Source records:
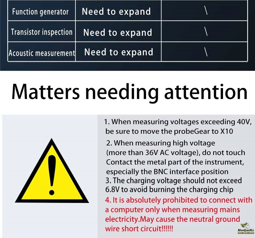 2. When measuring high voltage (more than 36V AC voltage), do not touch the metal part of the instrument, especially the BNC interface.
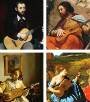 My recent post on artists using stringed instruments as metaphoric palettes was restricted to guitars so I did not use this image. Perhaps I should have because while musicians may think lutes and guitars are very different, in artworks they are
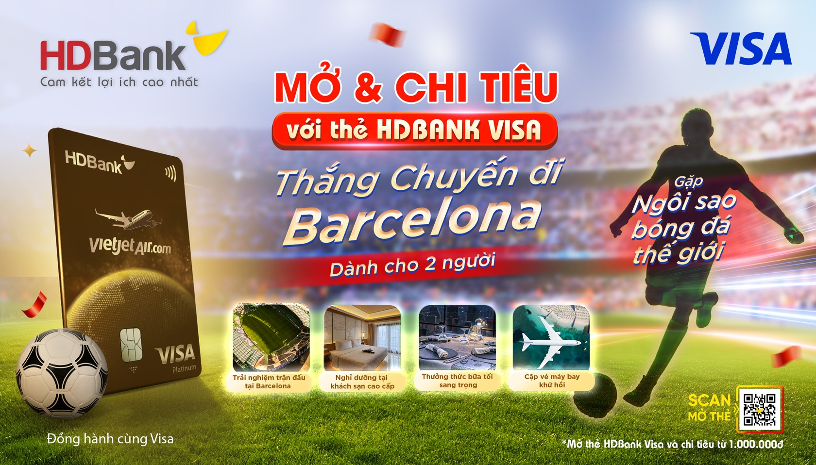 Mở thẻ và chi tiêu từ 1.000.000đ cùng HDBank Visa cơ hội nhận chuyến đi Barcelona trị giá 1.300.000.000đ
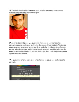 Este documento proporciona un tutorial en 6 pasos para crear una carátula personalizada fusionando una foto propia con una imagen de portada existente en Photoshop. Los pasos incluyen elegir una portada, tomar una foto con iluminación similar, colocar las imágenes una encima de la otra, ajustar el tamaño y opacidad, igualar la temperatura de color, crear una máscara de capa para reemplazar la cara original con la propia, y aplicar filtros para igualar los efectos.
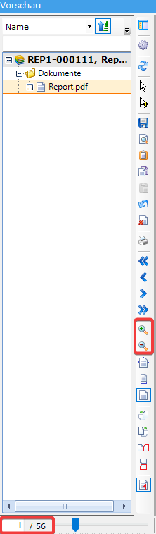 In diesem Bereich wird das aktuell markierte Dokument als Vorschau angezeigt. Dazu müssen Sie unten rechts im Vorschaubereich die Art der Vorschau in einer Auswahlbox wählen:

### Exercise directions
Transcribe every record above in full. Pictures stay out of the copy.

### Written response
 2. When measuring high voltage (more than 36V AC voltage), do not touch the metal part of the instrument, especially the BNC interface.
 My recent post on artists using stringed instruments as metaphoric palettes was restricted to guitars so I did not use this image. Perhaps I should have because while musicians may think lutes and guitars are very different, in artworks they are
 Mở thẻ và chi tiêu từ 1.000.000đ cùng HDBank Visa cơ hội nhận chuyến đi Barcelona trị giá 1.300.000.000đ
 Este documento proporciona un tutorial en 6 pasos para crear una carátula personalizada fusionando una foto propia con una imagen de portada existente en Photoshop. Los pasos incluyen elegir una portada, tomar una foto con iluminación similar, colocar las imágenes una encima de la otra, ajustar el tamaño y opacidad, igualar la temperatura de color, crear una máscara de capa para reemplazar la cara original con la propia, y aplicar filtros para igualar los efectos.
 In diesem Bereich wird das aktuell markierte Dokument als Vorschau angezeigt. Dazu müssen Sie unten rechts im Vorschaubereich die Art der Vorschau in einer Auswahlbox wählen:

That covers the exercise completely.